## REQUIREMENT
Return each line of the data below verbatim; pictures are to be left out.

─── DATA BLOCK ───

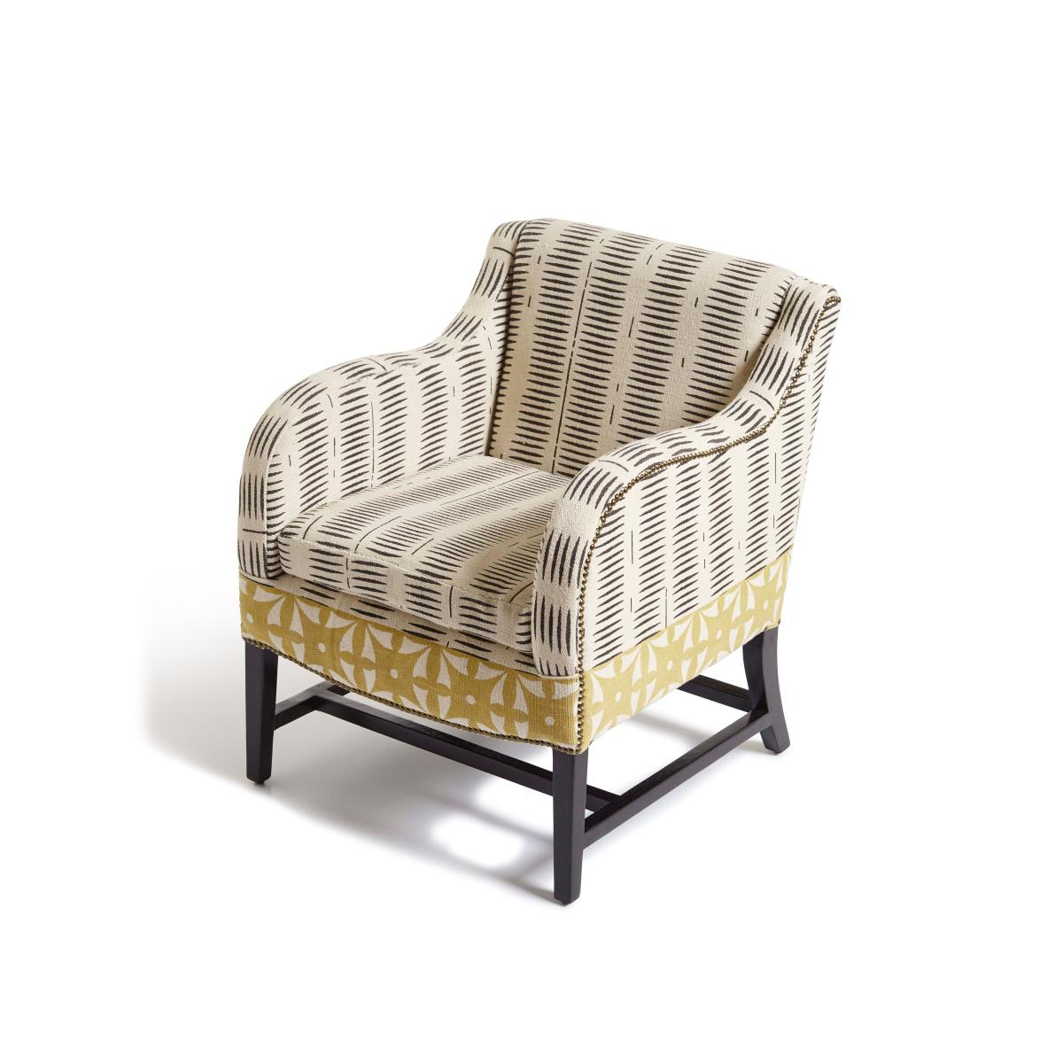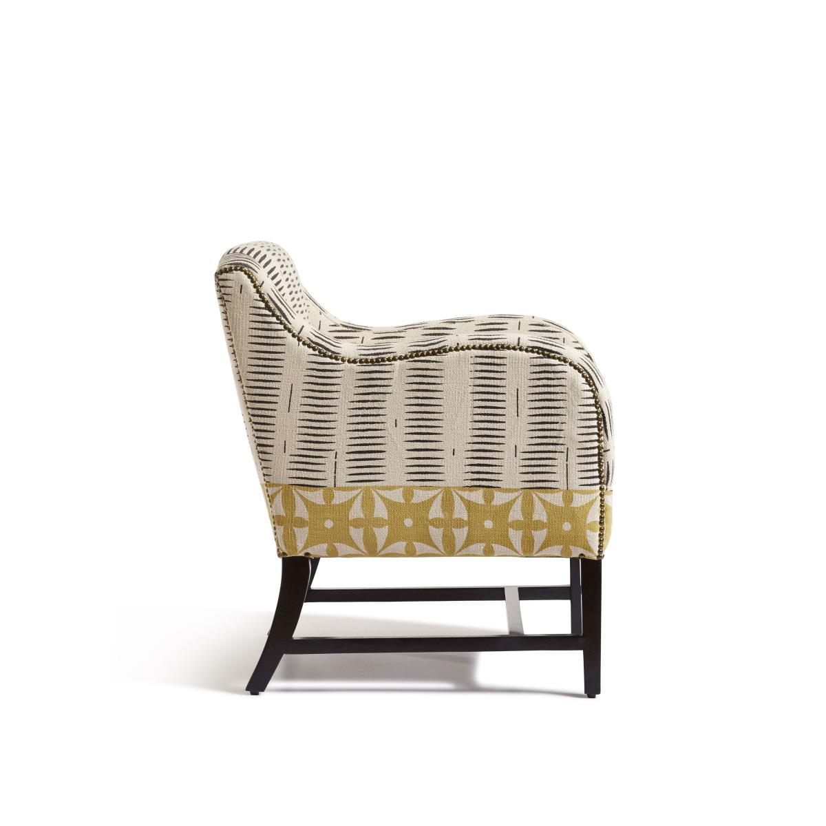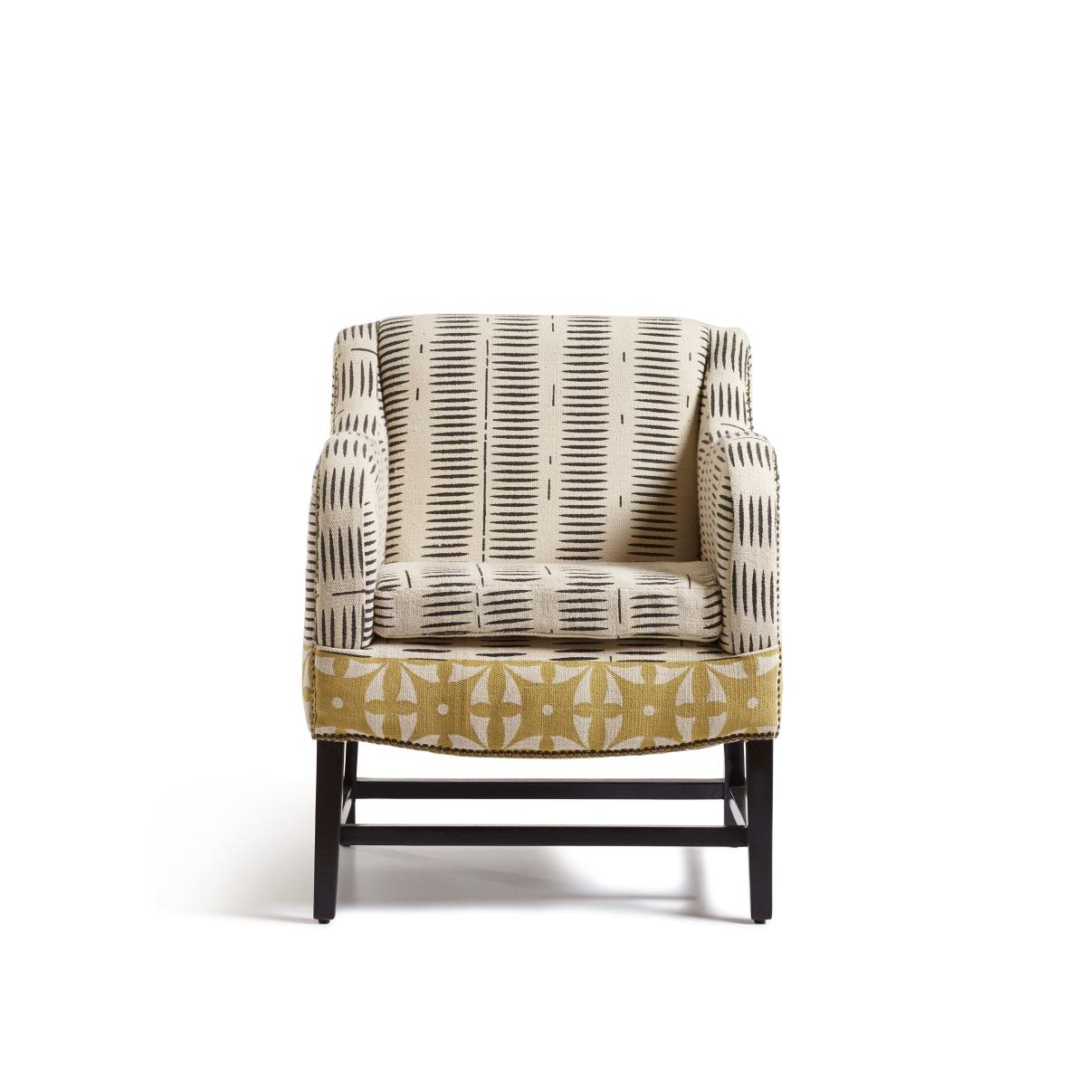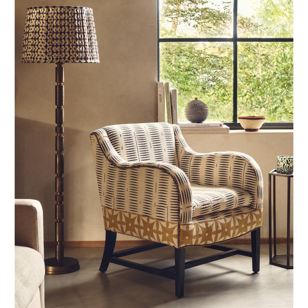 We love mixing and matching patterns at OKA, so we thought why not create a chair that does that for you. Enjoy the contrasting patterns of our Nomeko Armchair, upholstered in a printed cotton dhurrie rug. The dhurrie is handwoven and hand screen printed which lends each piece individual characteristics that add to their charm. The back legs and arms of the chair showcase pleasing curves that counteract the straight lines of the front legs, backrest and the black markings of the print.
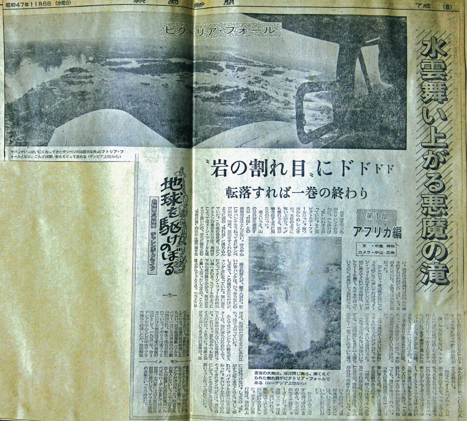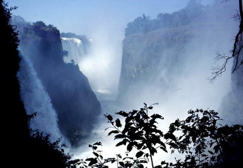 | 7)悪魔の滝・ビクトリア・フォール ![]() この滝の発見者、リビングストンの像のあたりは、風向きによってはメーン・フォールも見えると聞いたが、足元に落ち込む“悪魔の滝”の他は見通せない。百㍍ほどの割れ目の間から 吹き出すおびただしい“雨”で、あの辺りだな、と思うほかないのだった。 「ここじゃ滝が見えないでしょう。向こうへ歩いて行けば、メーン・フォールが素晴らしいよ」と親切に教えてくれた老夫婦は、r-ンコートを着て、カサまで持っているのに、全身びしょ濡れだった。 高さ約百八㍍、幅千八百㍍。乾いたさばんなは、ひっきりなしのしぶきで、この滝の辺りだけはジャングルになっていた。細い道をたどってメーン・フォールの向かい側へまわる。スコールのようにしたから雨が降りかかる。風が去ると舞い上がったしぶきが、今度は上からドッとくる。 「カメラが使い物にならなくなるよ」 コートをカメラに巻きつけた中山君がぼやいた。 囲いも何にもない。ストンと切れ落ちた滝つぼのふちまで誰でも行ける。ツルリと足を滑らせたら、先ず絶対に助からない。日本ならさしずめ「危険、立ち入り禁止」になっているはずの、しぶきでぬるりと滑るあたりには、ちょっと注意を引くために、木の小枝が放り出されているだけだった。 「滝へ落ちる人はいないかね」とホテルの女主人にたずねた。やっぱりそうか、と言う返事だった。 「あまり近づかない方がいいですよ。三週間前にまた一人落ちたから…」 霧ごしに覗いた滝つぼは、熱湯がたぎるように泡立ち、盛り上がっていた。 あとで見たザンビアの観光ポスターは、滝の落ち口の岩の上で、三人の青年が遊んでいる写真だった。これじゃ落ちるやつも出てくるわけだ、と思った。危険とか安全とか言う考え方の基準が日本人とはかなり違っていると言わざるを得ない。砂漠へオートバイやおんぼろ車で乗り出すのを、フランス人はちっとも止めない。日本では待ったの掛かる小さなヨットで外洋へ乗り出すのもイギリスではヒーロー、オーストラリアではサメのいる海を護衛の船もなしに泳いで島へと渡る冒険者を褒めあげ、一人が食われ、一人が命からがら逃げ帰っても、別に非難はされない。 「本人自身の問題である」という強い個人主義、個人の意思を尊重する伝統があるのだ。 「毎年、何人かは滝つぼへ落ちる」 それならば、日本では大問題になるが、危険かどうかは、大人が自分で判断すればいいもの、というわけだ。“過保護青年”タチには、いささかきついかも知れないが…。 シリがムズムズするような滝つぼのぞきのあと、おんぼろのセスナ機をチャーターした。十五分間で三千円ほど。高いけれど観光地では仕方がないのでOKした。ガタガタの飛行機は、滝の真上には近づけない。しぶきの“雲”がすぐ近くまで来ると、激しく揺れた。パイロットはあっさり遠ざかった。サバンナの広い幅でのたくってきたザンベジ川は、滝を境にして、今度はそこだけ深く狭いミゾとなって流れていた。
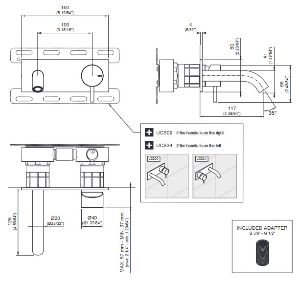 CEA Milo360 Bateria umywalkowa ścienna z wylewką 12,5 cm element zewnętrzny Satin Stainless Steel MIL08S

───

## THE COMPLETED TASK
 We love mixing and matching patterns at OKA, so we thought why not create a chair that does that for you. Enjoy the contrasting patterns of our Nomeko Armchair, upholstered in a printed cotton dhurrie rug. The dhurrie is handwoven and hand screen printed which lends each piece individual characteristics that add to their charm. The back legs and arms of the chair showcase pleasing curves that counteract the straight lines of the front legs, backrest and the black markings of the print.
 | 7)悪魔の滝・ビクトリア・フォール ![]() この滝の発見者、リビングストンの像のあたりは、風向きによってはメーン・フォールも見えると聞いたが、足元に落ち込む“悪魔の滝”の他は見通せない。百㍍ほどの割れ目の間から 吹き出すおびただしい“雨”で、あの辺りだな、と思うほかないのだった。 「ここじゃ滝が見えないでしょう。向こうへ歩いて行けば、メーン・フォールが素晴らしいよ」と親切に教えてくれた老夫婦は、r-ンコートを着て、カサまで持っているのに、全身びしょ濡れだった。 高さ約百八㍍、幅千八百㍍。乾いたさばんなは、ひっきりなしのしぶきで、この滝の辺りだけはジャングルになっていた。細い道をたどってメーン・フォールの向かい側へまわる。スコールのようにしたから雨が降りかかる。風が去ると舞い上がったしぶきが、今度は上からドッとくる。 「カメラが使い物にならなくなるよ」 コートをカメラに巻きつけた中山君がぼやいた。 囲いも何にもない。ストンと切れ落ちた滝つぼのふちまで誰でも行ける。ツルリと足を滑らせたら、先ず絶対に助からない。日本ならさしずめ「危険、立ち入り禁止」になっているはずの、しぶきでぬるりと滑るあたりには、ちょっと注意を引くために、木の小枝が放り出されているだけだった。 「滝へ落ちる人はいないかね」とホテルの女主人にたずねた。やっぱりそうか、と言う返事だった。 「あまり近づかない方がいいですよ。三週間前にまた一人落ちたから…」 霧ごしに覗いた滝つぼは、熱湯がたぎるように泡立ち、盛り上がっていた。 あとで見たザンビアの観光ポスターは、滝の落ち口の岩の上で、三人の青年が遊んでいる写真だった。これじゃ落ちるやつも出てくるわけだ、と思った。危険とか安全とか言う考え方の基準が日本人とはかなり違っていると言わざるを得ない。砂漠へオートバイやおんぼろ車で乗り出すのを、フランス人はちっとも止めない。日本では待ったの掛かる小さなヨットで外洋へ乗り出すのもイギリスではヒーロー、オーストラリアではサメのいる海を護衛の船もなしに泳いで島へと渡る冒険者を褒めあげ、一人が食われ、一人が命からがら逃げ帰っても、別に非難はされない。 「本人自身の問題である」という強い個人主義、個人の意思を尊重する伝統があるのだ。 「毎年、何人かは滝つぼへ落ちる」 それならば、日本では大問題になるが、危険かどうかは、大人が自分で判断すればいいもの、というわけだ。“過保護青年”タチには、いささかきついかも知れないが…。 シリがムズムズするような滝つぼのぞきのあと、おんぼろのセスナ機をチャーターした。十五分間で三千円ほど。高いけれど観光地では仕方がないのでOKした。ガタガタの飛行機は、滝の真上には近づけない。しぶきの“雲”がすぐ近くまで来ると、激しく揺れた。パイロットはあっさり遠ざかった。サバンナの広い幅でのたくってきたザンベジ川は、滝を境にして、今度はそこだけ深く狭いミゾとなって流れていた。
 CEA Milo360 Bateria umywalkowa ścienna z wylewką 12,5 cm element zewnętrzny Satin Stainless Steel MIL08S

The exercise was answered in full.